Le centre de Santiago a été sauvé de justesse grâce au tourisme, et de nombreux édifices et bâtiments du début du 20me siècle sont maintenant protégés et réhabilités.

Après Santiago commence le véritable paysage semi-aride, avec ses collines pierreuses couvertes de petits acacias et de grands cactus.

Valparaiso est magnifique, entièrement construite sur des collines, en un dédale de petites rues et de maisons basses de toutes les couleurs, face à la mer. On croirait voir un tableau pointilliste, formé de tâches de couleurs. La plus grande partie de la ville date du début du 20me siècle.

Et puis j’ai parcouru la côte à nouveau, avec ses baies de sable, ses récifs, et ses versants boisés, pour atteindre la piste qui mène par l’intérieur à la Serena. Là ils n’avaient jamais vu un touriste en vélo. Le paysage est digne d’un film de western. Les acacias se font plus rares, et les cactus plus nombreux. Puis eux-mêmes s’éclaicissent, et il ne reste que des touffes d’herbes sèches. Et incroyable, quelques fermes et villages survivent, par miracle, tous les 30km. Le chemin utilise l’ancienne voie de chemin de fer à une voie. La traversée des 5 tunnels est impressionante, ainsi que les 8 cols à 1500-2000m d’altitude. Et partout, du sable, des cactus, des pierres et des touffes d’herbes. Les rivières sont à sec. Chaque tunnel, chaque col est une victoire personnelle. Le paysage est fou, incompréhensible. Ce fut la partie la plus merveilleuse de mon voyage.

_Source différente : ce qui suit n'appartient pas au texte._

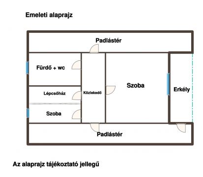 Emelet: szoba, félszoba, fürdő+wc, közlekedő

La Serena est parfaite pour se reposer. Dans cette petite ville de style art nouveau, les voitures roulent doucement, et s’arrêtent pour laisser passer les piétons et cyclistes. Ce fut la seule fois en 6 mois! A 8km le port de Coquimbo, de même style, vaut le détour, avec sa promenade en bateau pour voir les lions de mer et les oiseaux, ses restaurants de poissons, son quartier ancien, ses collines.

Ensuite je me suis lancé à l’assault du col routier le plus haut de l’Amérique du Sud, celui d’Agua Negra, 4760m d’altitude, 150km de pistes, ce sera l’objet de l’article suivant.